Wednesday, October 25, 2000

Anti-Resnick ad pulled, replaced

By Spencer Hunt
Enquirer Columbus Bureau

        COLUMBUS — A business-backed group working to defeat Ohio Supreme Court Justice Alice Robie Resnick on Tuesday pulled a commercial that asked if her integrity was for sale.

        As soon as the controversial ad left the airwaves, Citizens for a Strong Ohio broadcast a new spot. This one says Justice Resnick is bad for public education.

        Showing college students in class, the commercial says the Toledo Democrat tried to throw out a state law that made professors spend more time teaching.

        “The United States Supreme Court stood up for common sense and overturned Resnick's opinion,” the commercial claims.

        Justice Resnick is seeking a third term against Republican Cuyahoga County Appellate Judge Terrence O'Donnell. The new ad is the latest example of how special-interest groups have taken over their campaign in a multimillion-dollar fight for the high court.
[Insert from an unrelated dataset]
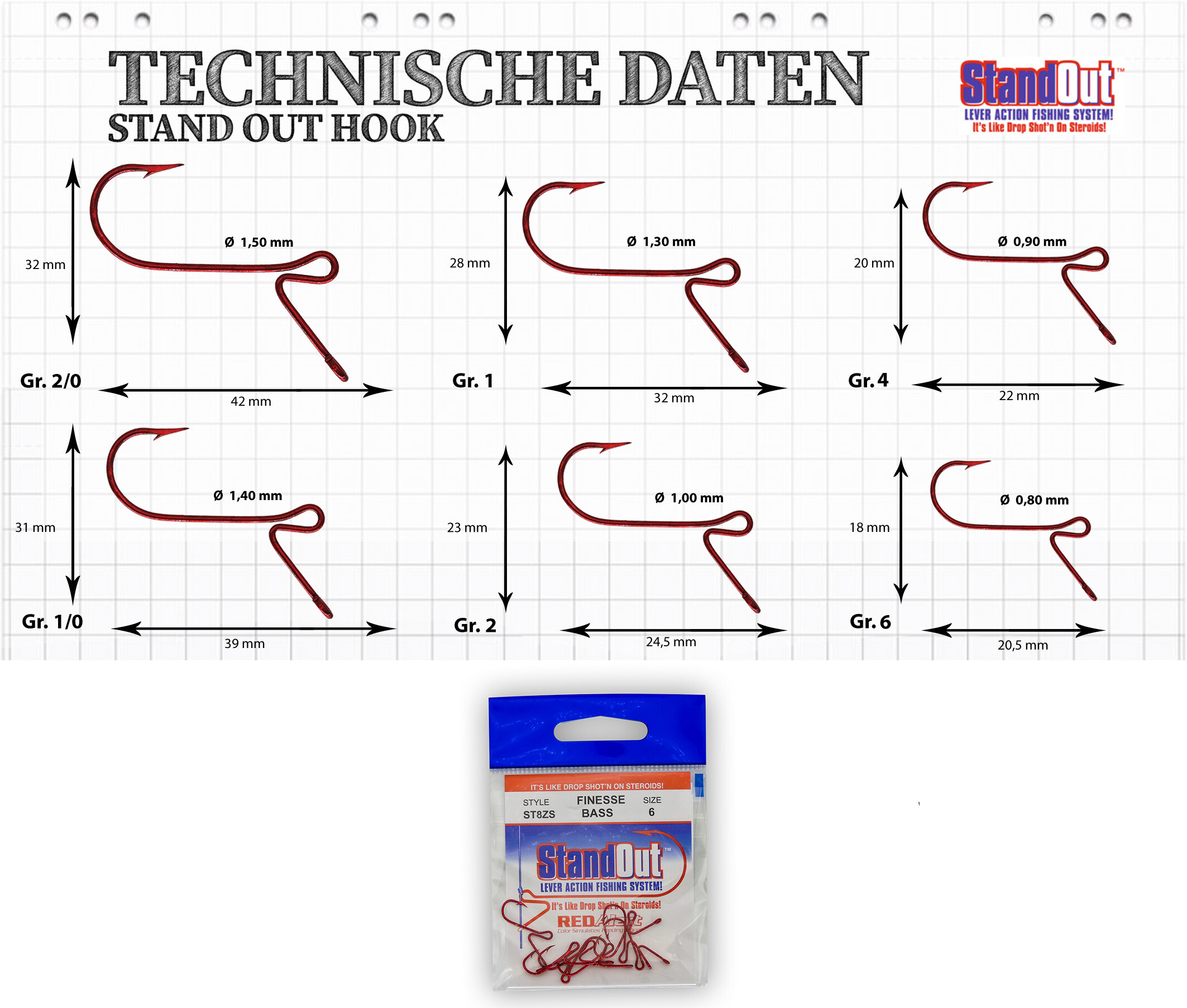 - die Hebelwirkung des Stand Out Hakens bringt mehr Bisse

        Citizens for a Strong Ohio sparked an intense ethical debate last week over an ad that asked “Is Justice for Sale in Ohio?” The commercial called Justice Resnick a pawn for trial lawyers and union leaders who donated thousands to her campaign.

        David Leland, the Ohio Democratic Party chairman, said the new ad is similar to the old one in that it manipulates fact to distort the judge's record.

        “This case concerns the working conditions of college professors, not education and not our children,” Mr. Leland said.

        The commercial focuses on a 1993 law that gave universities more power to set professors' class workloads. After a group of Central State University professors sued, the Ohio Supreme Court ruled 4-3 that the law violated state labor protections.

        That decision, which Justice Resnick wrote, was overruled by the U.S. Supreme Court 8-1. The justices said the state law legally supersedes labor protections.

        On education issues, however, Justice Resnick is better known for writing two 4-3 opinions that declared the state funding system for public schools inadequate.

        Chip McConville, a lobbyist for the Ohio Chamber of Commerce and leader of Citizens for a Strong Ohio, said the ad sends an accurate and important message.

        “Education funding is probably the most complex issue in the state of Ohio,” he said. “This one case is real easy to understand.”